Ambulance bosses have praised the work of staff after a good report.
The North East Ambulance Service NHS Foundation Trust (NEAS) has been rated ‘Good’ following a Care Quality Commission (CQC) inspection last October.
The CQC rated NEAS as Good in all its categories – safe, effective, caring, responsive and well-led.
During the inspection, the CQC team looked specifically at management and leadership of NEAS, in addition to inspecting core services of the NHS111 service and the emergency operations centre (EOC).
The CQC rated these core services as Good, which means NEAS maintains its track record of being highly rated by the healthcare regulator. The ambulance service was rated Good at its last CQC inspection in April 2016.
NEAS chief executive Yvonne Ormston, MBE, said: “I am delighted that our service has been rated as Good overall.
“This is fabulous news and testament to the care and professionalism that all of our staff dedicate to our patients and service.
“Our workforce is committed to providing the best possible patient care, often in incredibly difficult circumstances, and I am pleased on their behalf that this has been recognised.

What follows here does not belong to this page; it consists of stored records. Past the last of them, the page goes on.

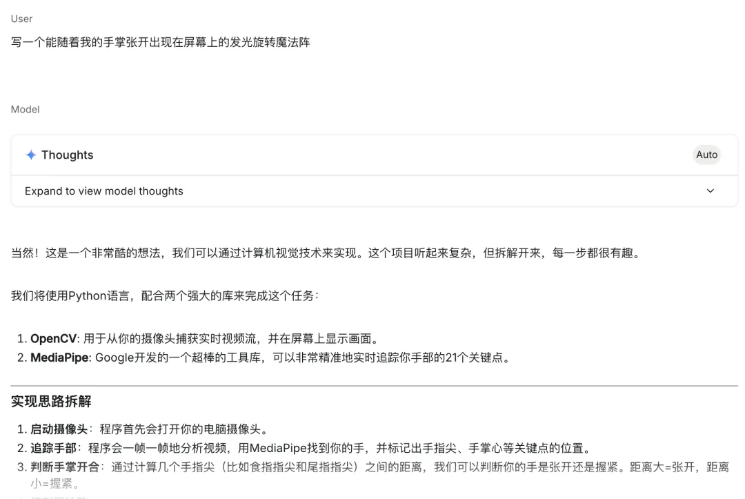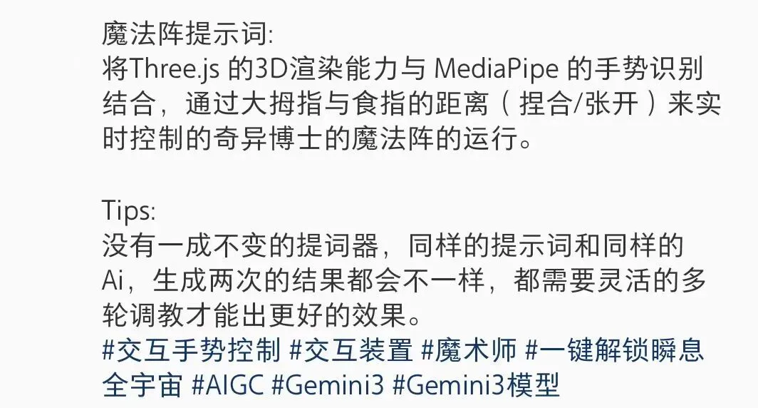 而现在,即便是制作网页这样更复杂的需求,网友们分享出来的搭建过程,也往往短得只有一页纸。比如最近流行的“手势交互魔法阵”,很多人只输入了一句非常感性的描述:“写一个能随着我的手掌张开,出现在屏幕上的发光旋转魔法阵。”剩下的事情——选择合适的编程语言、调用所需的功能包、规划实现路径——都由 Gemini 自动完成。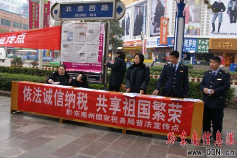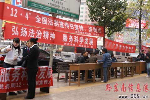 12月4日,凱里市大十字中心集中開展法制宣傳活動,設立宣傳咨詢點為群眾答疑解惑。司法局、州法治辦、州國稅局、州檢察院、州公安局、州林業局、市教育局、市禁毒辦、大十字街道、人事勞動和社會保障局等各部門的工作人員向市民發放各方面法律知識宣傳手冊,提高市民的法制觀念和依法自我保護的意識。為促進城市建設,構建社會主義和諧社會,營造良好的法制環境。(楊懿 攝影報道)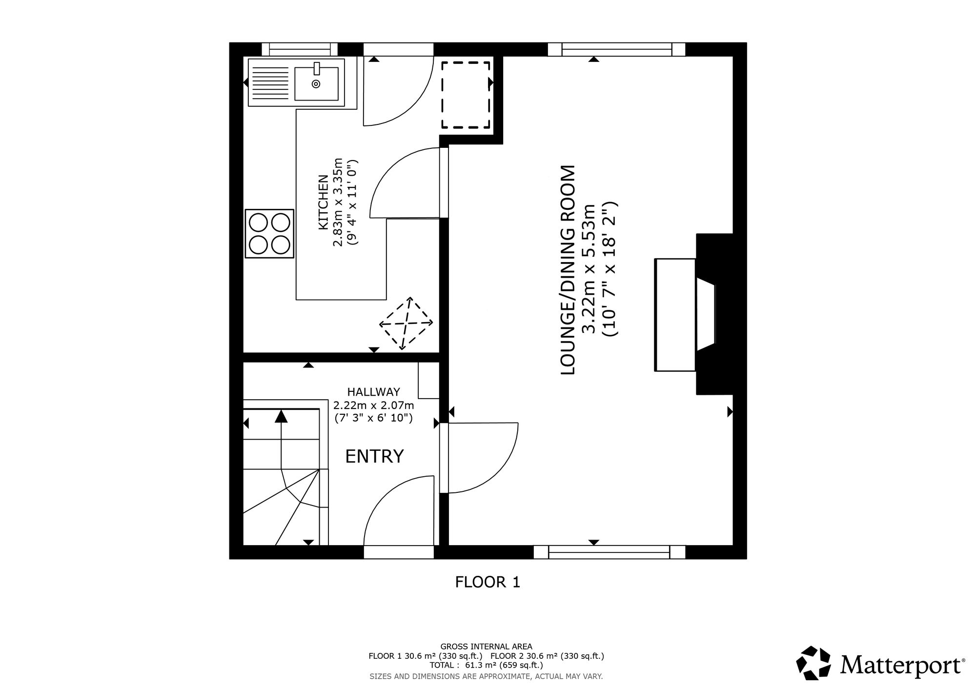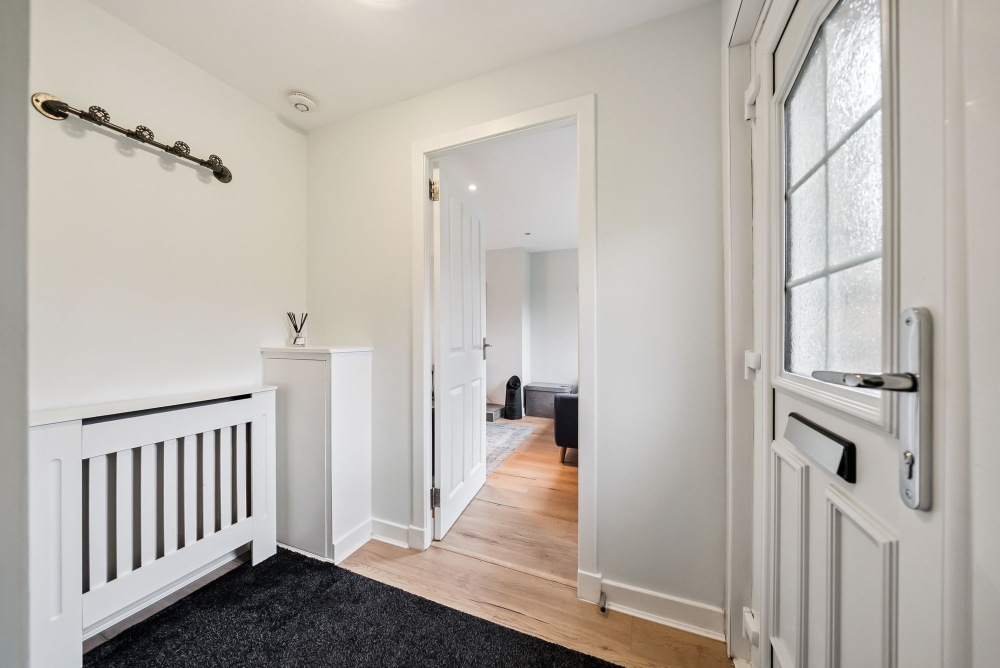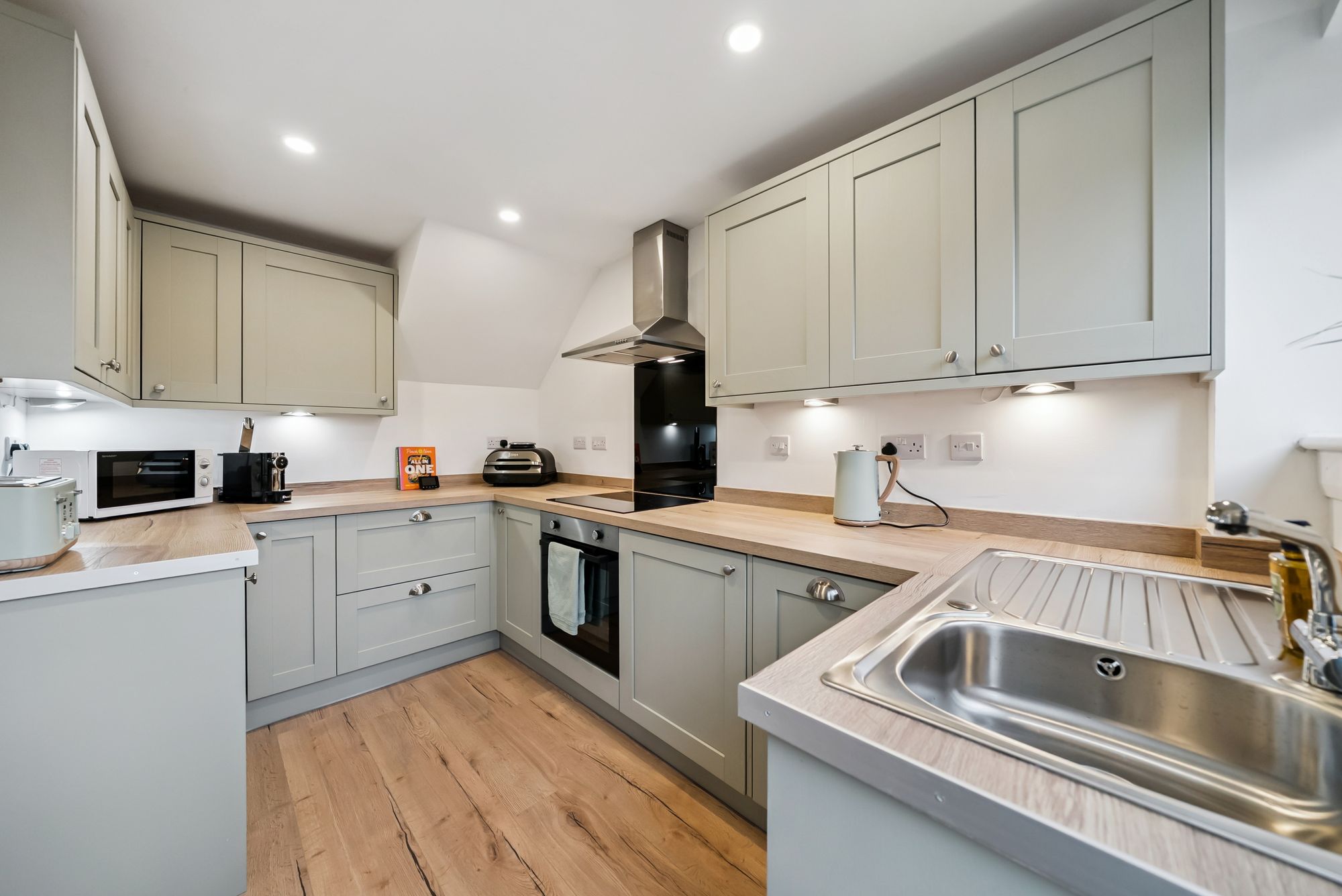 The home is arranged over two levels and begins with a bright, modern entrance hallway. This leads through to a spacious and welcoming lounge, featuring a charming enclosed dual-fuel stove and attractive wooden flooring that flows seamlessly through the hall and into the kitchen. Large windows to either side of the lounge flood the space with natural light, creating a warm and inviting atmosphere. The kitchen is beautifully finished, fitted with a modern range of wall and floor-mounted units, electric hob and oven. A door from the kitchen provides direct access to the garden, perfect for enjoying the outdoor space and scenic surroundings.

“More than 2.7 million people across the north east rely on our services and the CQC has recognised the pivotal role we are playing in the development of urgent and emergency care services in our community.”
Inspectors’ comprehensive assessment of NEAS found:
• Staff were caring and provided compassionate care. Accurate, timely and clear information was provided to patients and callers about their condition and followed the clinical pathways.
• Staff understood patients’ personal, cultural, social and religious needs. They displayed an understanding and non-judgemental attitude to all patients.
• Managers across the trust promoted a positive culture that supported and valued staff, creating a sense of common purpose based on shared values.
• Staff understood how to protect patients from abuse and the trust worked well with other agencies to do so.
• NEAS used a demand forecasting tool to identify which resources would be required on which shifts to meet demand.
• Managers monitored the effectiveness of care and treatment and used the findings to improve them. They compared local results with those of other services to learn from them.
• NEAS had performed above average against other NHS ambulance trusts in five of the seven measures on the new Ambulance Response Programme.
The CQC report also highlighted that NEAS won the Enhancing Patient Dignity category for its end of life services in the Nursing Times Awards 2017. The end of life service provided responsive and timely patient transport across the north east for patients with palliative/end of life care needs, enabling them to be cared for and die in the place of their choice.
Professor Ted Baker, CQC, chief inspector of hospitals, said: “Since its last inspection, the North East Ambulance Service NHS Foundation Trust has worked hard to maintain its rating. I do congratulate it on its overall Good rating.
“When inspectors monitored calls in the emergency operations centres, they found that all the staff involved were calm, professional and considerate of patients’ needs.
“I applaud the steps the trust has taken to deal with instances of high demand.”